Она спросила почему-то с грустью:
- А у вас их было много?
- Думаю, что в мои годы их набралось уже немало. - И он весело
спросил: - Ведь я же не какое-нибудь чудовище?
Но развеселить ее он не мог.
- Нет, я вернусь. Они хотят, чтобы я приходила. Им надо тотчас же
знать, когда к вам начнет возвращаться память.
- Еще бы. Вы единственный след к моему прошлому, который у них
есть. Но разве я должен оставаться здесь, пока я все не вспомню?
- Вам же будет трудно там, за этими стенами, ничего не помня.
- Почему? Для меня найдется уйма работы. Если меня не возьмут в
армию, я могу поступить на оборонный завод.
- Неужели вам снова хочется в это пекло?
- Тут так мирно и красиво. Но, в конце концов, это просто отпуск.
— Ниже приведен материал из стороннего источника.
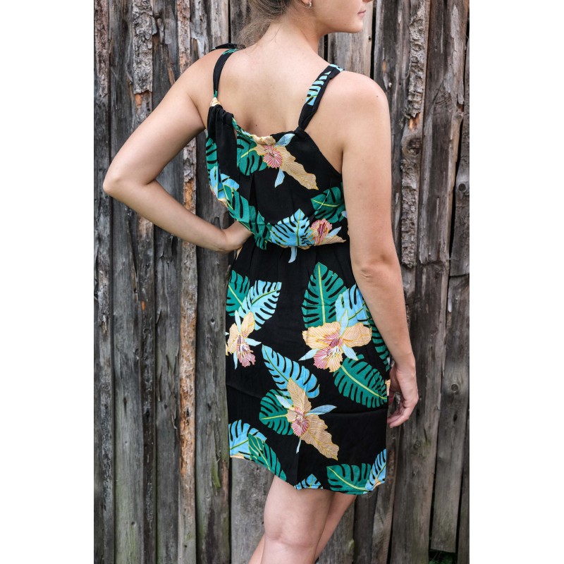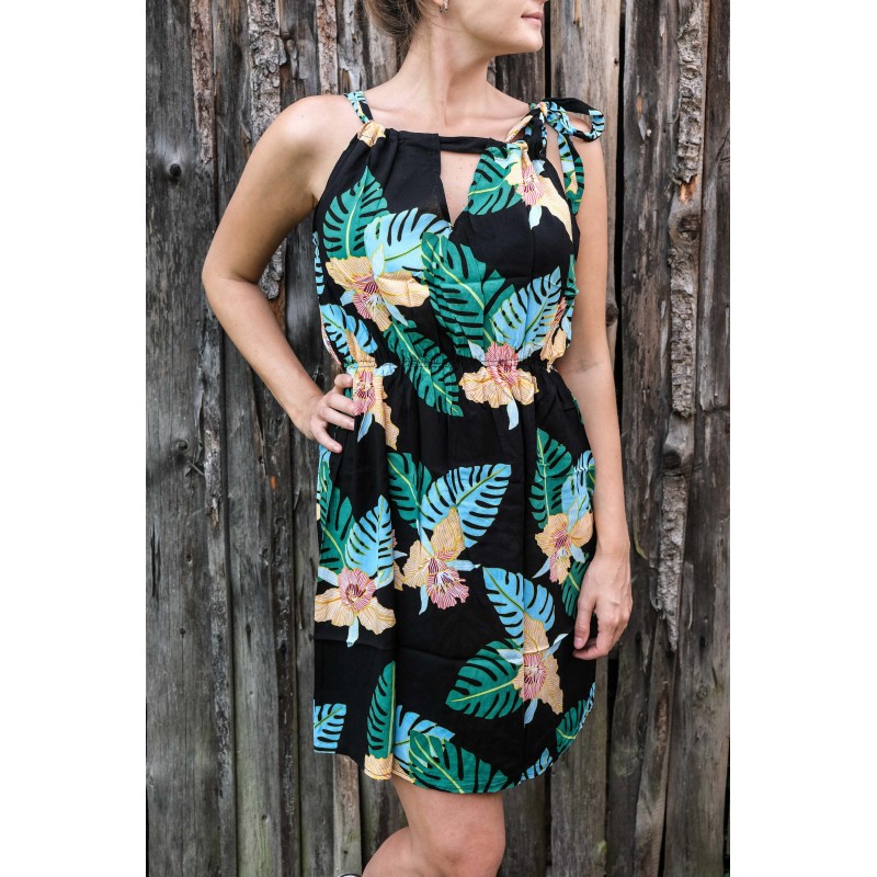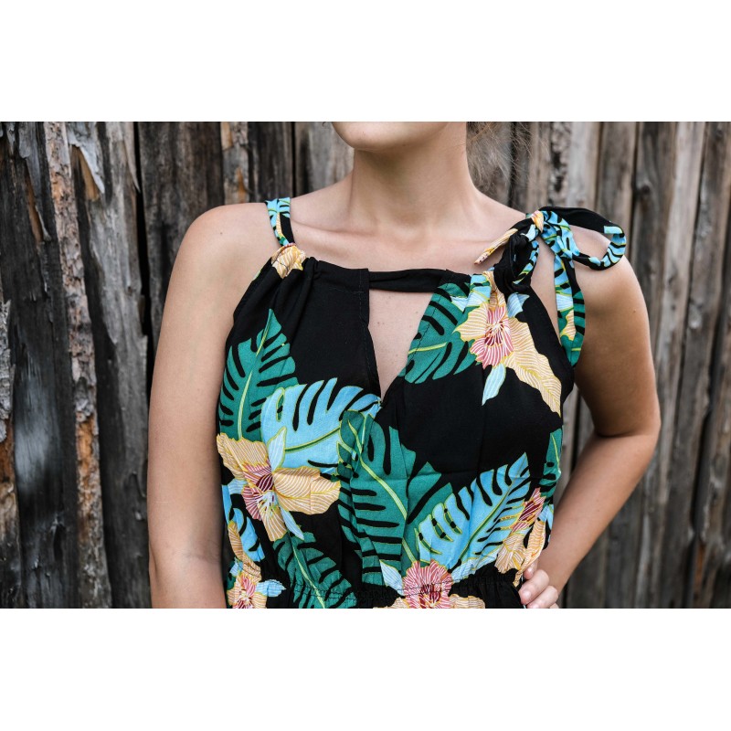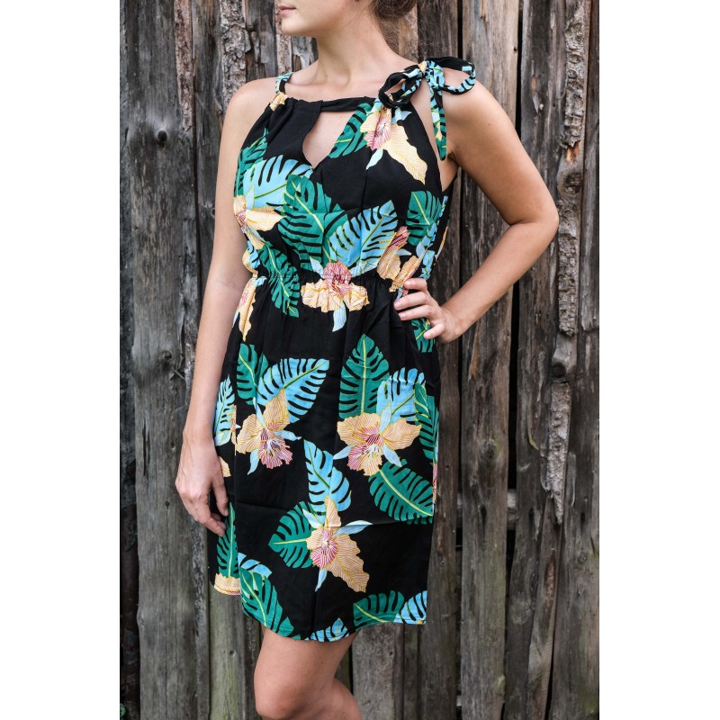 V pase se nachází pružná guma, která se přizpůsobí všem velikostem (od XS - M). Pomocí variabilního látkového zavazování okolo krku si můžete nastavit velikost na míru přesně podle své postavy, a navíc zavázat na místě, kde se vám to zrovna bude líbit (vpravo, vlevo, nahoře, dole, vzadu nebo vpředu). Na šatech můžete a nemusíte mít i decentní výstřih, který si sami nastavíte. Na barvách a nápaditosti motivů se nešetří, šaty hýří pestrou paletou barev a také přírodními materiály jako je bavlna. Šaty kolem sebe šíří pozitivní energii a dobrou náladu, určitě je oceníte v horkých letních dnech. Střih je uzpůsoben každé postavě.

Надо приносить какую-то пользу. - И он стал развивать свою мысль: -
Конечно, мне было бы куда легче, если бы я знал, кем я был и что умею
делать, Не может быть, чтобы я был богатым бездельником. В моей семье
не водилось таких денег. - Он внимательно смотрел на нее, пытаясь
отгадать свою былую профессию. - Разве я могу быть в чем-то уверен?
Адвокатура? Скажите, Анна, я был юристом? Почему-то мне в это не
верится! Не представляю себя в парике, отправляющим какого-нибудь
беднягу на виселицу,
- Нет, - сказала Анна.
- Я никогда не хотел быть юристом. Я хотел быть путешественником,
исследователем, но это вряд ли сбылось. Даже несмотря на бороду. Они
утверждают, будто у меня и раньше была борода. Медицина? Нет, мне
никогда не хотелось лечить. Слишком много видишь мучений. Ненавижу,
когда кто-нибудь страдает. - У него снова началось легкое
головокружение. - Я просто заболевал, мне становилось дурно, когда
слышал, что кто-то страдает. Помню... что-то было с крысой.
- Не насилуйте себя, - сказала она. - Напряжение вам вредно. Куда
вы торопитесь?
- Да нет, это ведь ни к чему не относится. Я был тогда ребенком. О
чем бишь я? Медицина... коммерция... Мне не хотелось бы вдруг
вспомнить, что я был директором универмага. Что-то меня это тоже не
греет. Мне никогда не хотелось быть богатым. Кажется, я просто
хотел... достойно жить.
Длительное напряжение ума вызывало у него головную боль.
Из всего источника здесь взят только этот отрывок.